NOTES TO FINANCIAL STATEMENTS
(Unaudited)
September 30, 2000
1. SUMMARY OF SIGNIFICANT ACCOUNTING POLICIES:

DEFINITION OF SPECIAL TERMS:
Capitalized terms used in this report have the same meaning as those terms have
in the Partnership's Registration Statement filed with the Securities and
Exchange Commission on Form S-11. Definitions of these terms are contained in
Article III of the First Amended and Restated Agreement of Limited Partnership,
which is included in the Registration Statement and incorporated herein by
reference.

ACCOUNTING POLICIES:
The Partnership sold its remaining property during 1999. The Partnership is in
the process of resolving post closing matters related to the sold properties,
which includes reprorations, adjustments and expiration of representations and
warranties made to the purchaser of the final property. Upon completion of this
process, together with the resolution of the other pending matters, the
Partnership will make a liquidating distribution to Partners and dissolve.

The financial statements have been prepared in accordance with accounting
principles generally accepted in the United States ("GAAP"). The Partnership
utilizes the accrual method of accounting.
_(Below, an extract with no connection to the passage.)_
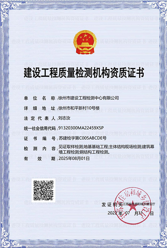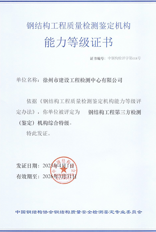 徐州市建設(shè)工程檢測中心有限公司(以下簡稱徐建檢測公司)是徐州市產(chǎn)城發(fā)展集團(tuán)有限公司(以下簡稱產(chǎn)城集團(tuán))的全資子公司。徐建檢測公司前身為徐州市建設(shè)工程檢測中心,2018年事轉(zhuǎn)企改制,2020年4月,完成轉(zhuǎn)企改制資產(chǎn)劃轉(zhuǎn)工作。 徐建檢測公司是集檢測、檢驗(yàn)、鑒定、咨詢等技術(shù)服務(wù)為一體、具有獨(dú)立法人資質(zhì)的綜合性第三方服務(wù)機(jī)構(gòu)。公司主要從事建設(shè)工程領(lǐng)域相關(guān)工程質(zhì)量檢測及技術(shù)咨詢服務(wù),業(yè)務(wù)覆蓋地基基礎(chǔ)、建筑材料、建筑結(jié)構(gòu)、鋼結(jié)構(gòu)工程、市政工程、綠色建筑節(jié)能工程、建筑安全與施工設(shè)備、建筑防水、建筑水電、裝飾裝修、建筑物防雷、室內(nèi)環(huán)境、房屋安全鑒定、城市軌道交通工程等專業(yè)領(lǐng)域。......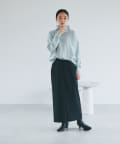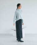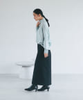 目を惹く上品なブルーにブラックのスカート合わせれば大人な雰囲気に。

Under this method, revenues are
recorded when earned and expenses are recorded when incurred.

Preparation of the Partnership's financial statements in conformity with GAAP
requires management to make estimates and assumptions that affect the reported
amounts of assets and liabilities and disclosure of contingent assets and
liabilities at the date of the financial statements and the reported amounts of
revenues and expenses during the reporting period. Actual results could differ
from those estimates.

The financial information included in these financial statements is unaudited;
however, in management's opinion, all adjustments (consisting of only normal,
recurring accruals) necessary for a fair presentation of the results of
operations for the periods included have been made. Results of operations for
the quarter and nine months ended September 30, 2000 are not necessarily
indicative of the operating results for the year ending December 31, 2000.

The Partnership has one reportable segment as the Partnership is in the
disposition phase of its life cycle, wherein it is seeking to resolve post-
closing matters related to the properties sold by the Partnership.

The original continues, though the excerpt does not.